Tuesday June 6; Tuesday June 13
The Best Laid Plans
The original idea for heating 60k House was to install a small wood heater. Actually, the initial plan was to see how effective the passive thermal design was before deciding if I even needed any additional heating. I wasn’t around for winter last year – the house wasn’t even finished yet. This year I had a small, portable, efficient convector heater that I could move around and plug in where required – either the living area or the bedroom. During the month of May I used the heater half a dozen times – not a bad effort. The passive design of the house was working – good orientation, double-glazing, exposed thermal mass (polished concrete slab and recycled brick wall). But on occasions the space just needed that extra boost. It was optimistic (naive) to think the house would be warm enough on the coldest nights and days in winter without additional heating.
What were my options? Early on during the concept stages of the design my colleague and I talked about using a reticulated water system, heated in pipes on the roof by the sun and circulated in pipes within or on the face of the dividing wall. Apparently water has four times more thermal mass than concrete – and you also have the ability to drain it away when you don’t want it. This would have been a simple and low-tech solution, but somewhat untested, at least in Tasmania or by myself. Having just spent a month in Europe where water radiators are commonplace I kind of regret not giving it a go at my own place, or at least investigating this option further. One of the ideas for 60k House was to experiment with previously unused materials and techniques – I have done this with some elements but maybe could have been even more adventurous. The type of experimentation where the results are going to be unknown until you build it, the type of experimentation you can only do on your own house and not on your clients’. The solar water heating idea will have to wait for now – until I design a house for my mum.

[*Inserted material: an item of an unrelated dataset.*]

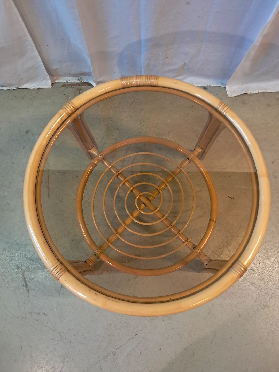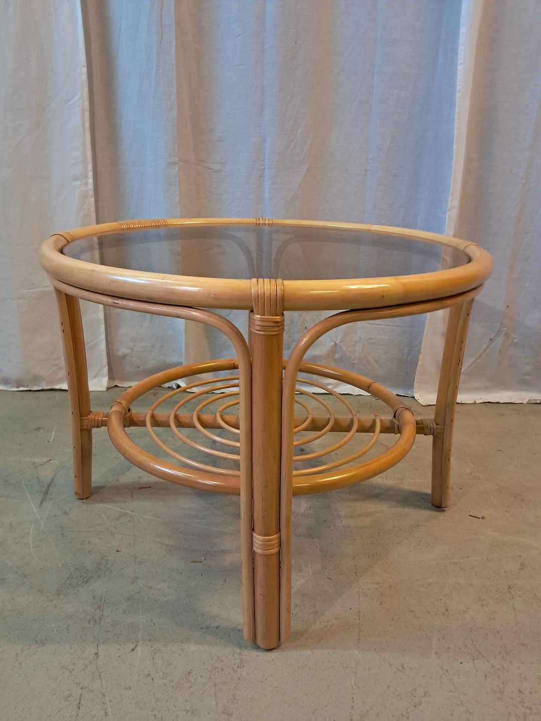 Sofabord i bambus med glasplade, fra 1990erne.

I don’t consider fixed panel heaters to be very efficient or cost-effective, even if they are wired in on the off-peak tariff, so I didn’t give them much thought at all. That left two options: the original plan of a wood heater or a heat pump. I should mention that in Tasmania (and possibly other parts of Australia and the world where the climate is cooler) reverse-cycle air conditioners are more commonly referred to as heat pumps – that’s what I’m talking about.
The location of the would-be wood heater was considered and prepared for: it would have sat just to the south of the ridge so the flue would not interrupt any future solar panels on the north. We also ran a section of brick wall up to the ceiling to back the flue against. Before I went away last winter I looked into the cost of buying and installing a wood heater then began to have second thoughts – the total cost would have exceeded $2,500. This would have included a decent small unit, flue kit and extension kit (because the height from the unit to the roof outside was longer than standard), and the installation.
Up-front cost wasn’t the only factor to consider: ongoing running costs, temperature control, ease of use, time to warm up, space it takes up, proximity you can store things, ability to stand close and warm up, ambience, noise, smoke, dust, etc. Heaps of things!
Being on a bush block I have an endless supply of firewood – but it takes time to cut, split, stack and wait months for it to dry. A heat pump is energy efficient – producing around 4 times more energy that it uses. It’s much easier to control the temperature coming out of a heat pump than a fire, and a fire takes a while to warm up.
The prospect of listing my house on Airbnb also became a big consideration – having people stay from warmer climes, possibly unfamiliar with lighting fires, favoured installing an easy-to-use heat pump. Not taking the brick wall that divides the living area from the bedroom to the ceiling lent itself to a form of heating that could blow warm air up high through the large gap beneath the ceiling. On the balance of all this I opted to install a heat pump. Sure a raging fire in a wood heater would look good in photographs and add a certain ambience, but the ease of the heat pump won out.
I contacted a heat pump installer through Sustainable Living Tasmania and arranged for someone to visit the house, size a unit and provide a quote for the unit and installation. He recommended a 5KW cooling / 6KW heating unit to heat the living area and bedroom, and gave two quotes for two different brands – both around $2700. I also asked Alan my electrician for a quote to install any unit I supplied. One of the large electrical retailers then had a sale so I went and bought a unit and arranged for Alan to install it.
There are currently two schemes operating in Tasmania to help people purchase energy efficient products: the TEELS scheme (for purchases up to $10,000, available to everyone) and the NILS scheme (a rebate available to concession card holders). I paid for my heat pump up front but have ordered some solar panels through the TEELS scheme – will explain more about that in a future blog post.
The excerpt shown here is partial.